### What to do:
Beginning at the top of the data below, restate every line word for word until the line containing "ここで、家賃7万円の単身者用" has been included, and omit the pictures.

[Records excerpted from a collection]
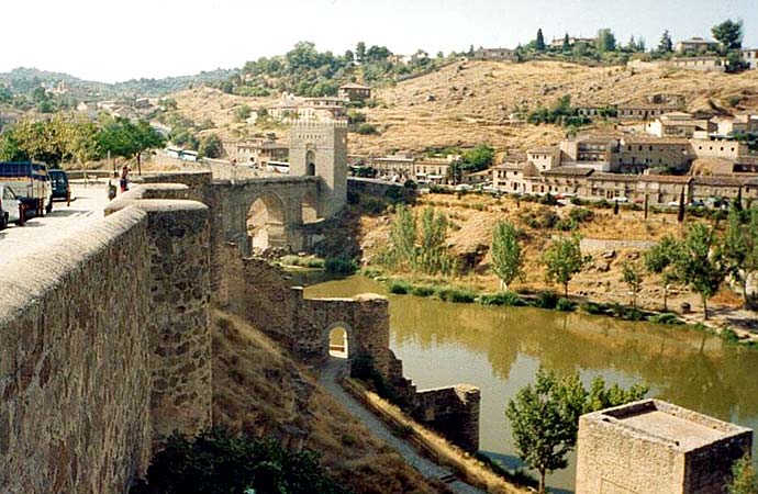 Толедо. Вид на город и старинный мост через реку Тахо.
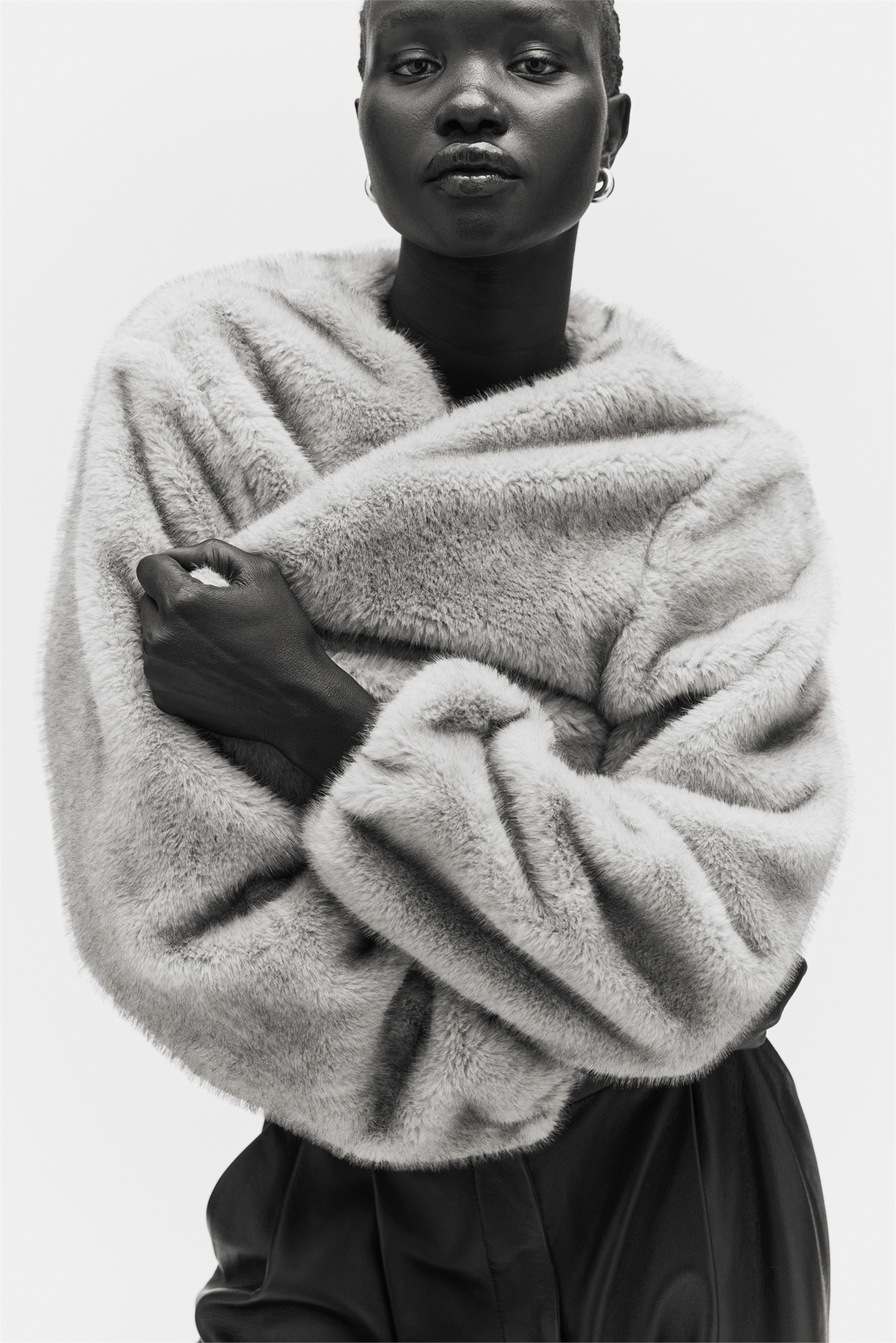 Жакет из мягкой пушистой ткани с круглым вырезом, скрытыми кнопками спереди, подплечниками и длинными рукавами. Скрытая эластичная резинка на манжетах и подоле для придания силуэту пышности. Подкладка из джерси.
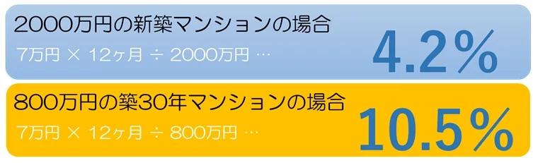 ここで、家賃7万円の単身者用マンションを購入したと仮定して、2000万円の新築と、800万円の築30年マンションの購入価格で、どのくらい利回りに違いがあるのか計算してみましょう。
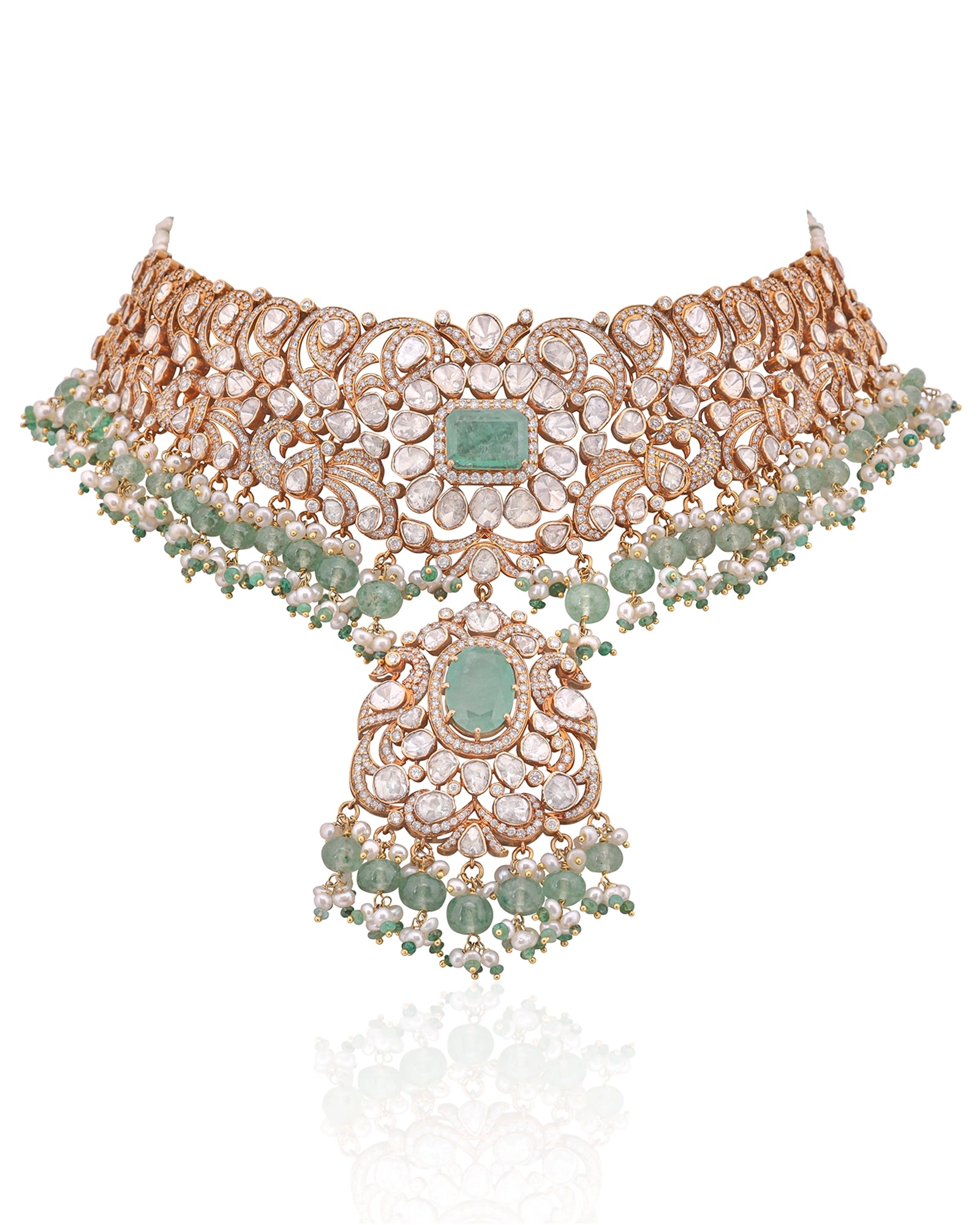 Look like a vision in the Zahra Polki Necklace — the ultimate bridal jewel designed to captivate and amaze. Russian emeralds, fresh water pearls and close to 25 carats of syndicate polki and round diamonds bring colour, light, and movement together in breathtaking harmony. Made for the bride who wants her moment to feel unforgettable, this masterpiece is a jewel that lingers long after the celebration ends.
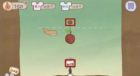 这关也是不要给误导咯,点击红框就是苹果上方挂着的按钮,然后等少年的嘴巴张开吃掉就过关了。
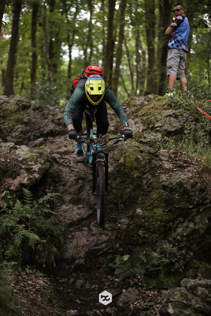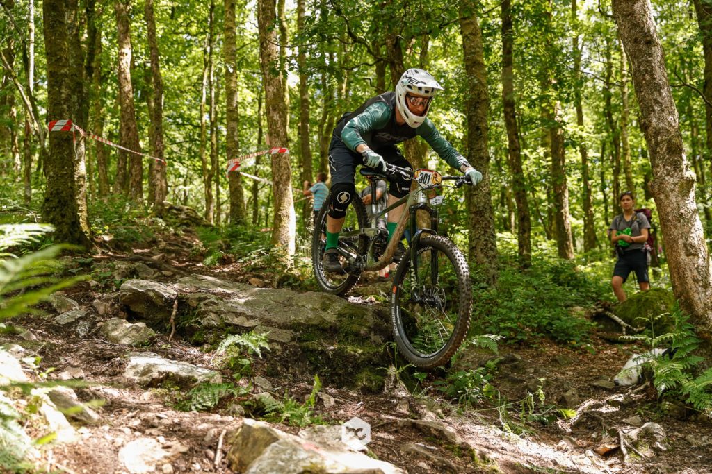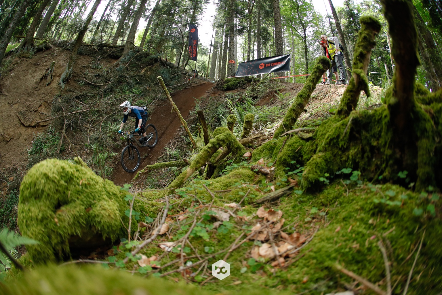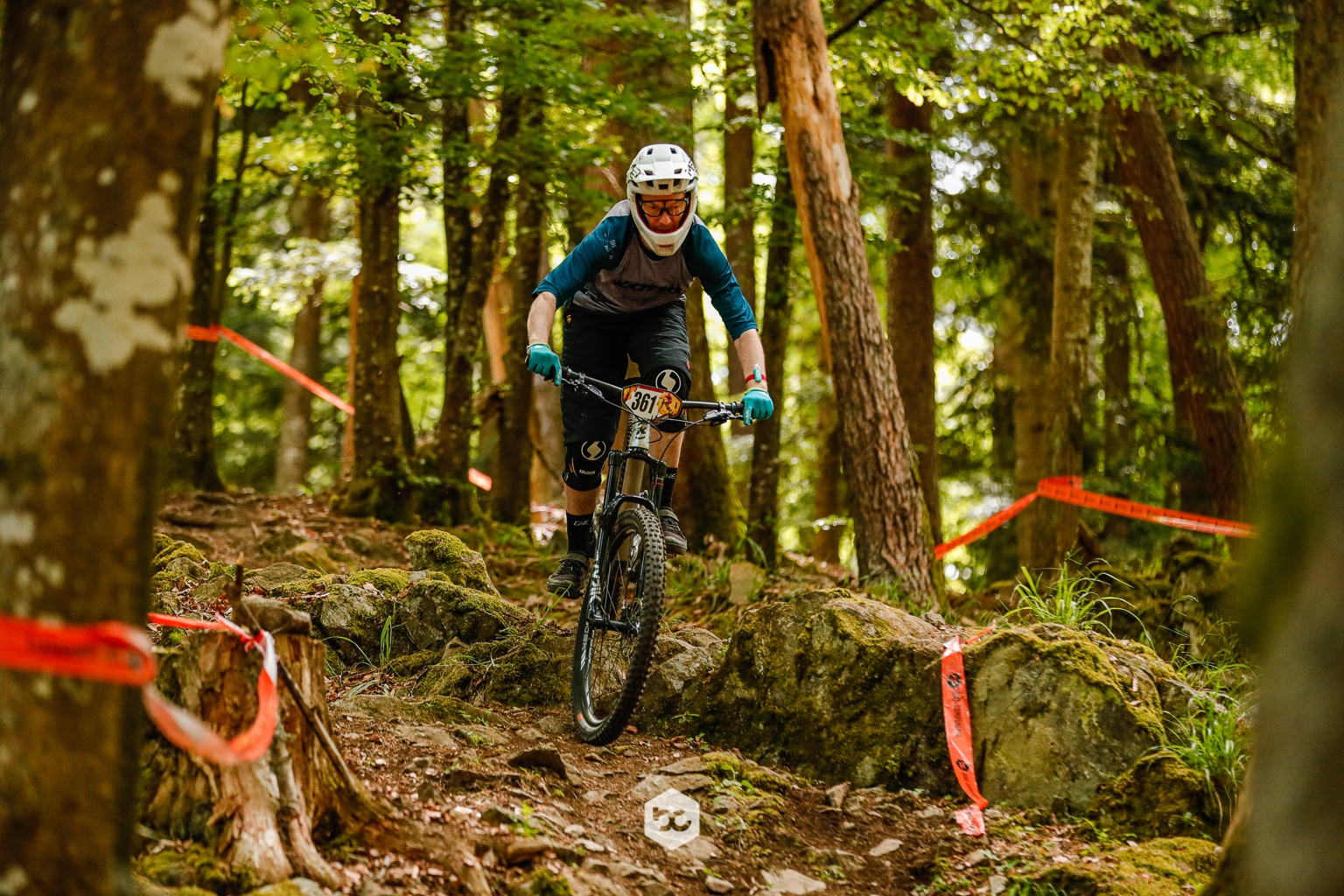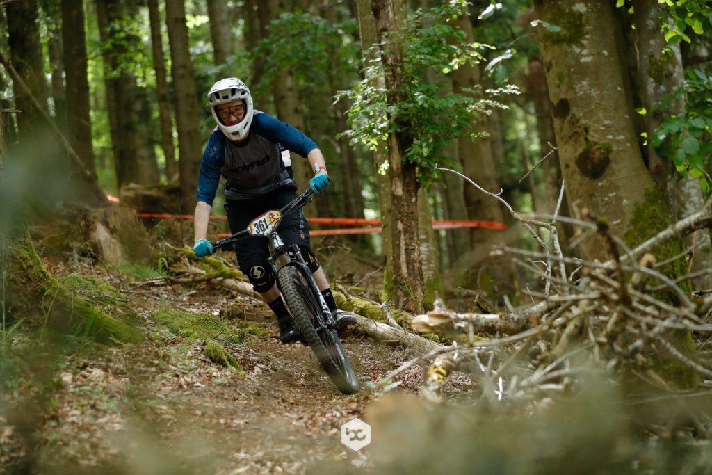 First race in Sainte Marie were a one day race with 37km and 1440 hm and, as every event in this series, it is a fully blind race. No training just racing which make it even more challenging. Well organized, dry and sunny the riders started as they want in a defined time period for each stage with a gap of 20sec. At the beginning of Stage 1 countless flowy fun curves followed one after the other in roller coaster style, followed by small and large bomb craters, rock gardens and natural berms. As the length of the stage increased, the lower part became steep and fast and finally ended on the transfer way to Stage 2.

### Output of the task:
 Толедо. Вид на город и старинный мост через реку Тахо.
 Жакет из мягкой пушистой ткани с круглым вырезом, скрытыми кнопками спереди, подплечниками и длинными рукавами. Скрытая эластичная резинка на манжетах и подоле для придания силуэту пышности. Подкладка из джерси.
 ここで、家賃7万円の単身者用マンションを購入したと仮定して、2000万円の新築と、800万円の築30年マンションの購入価格で、どのくらい利回りに違いがあるのか計算してみましょう。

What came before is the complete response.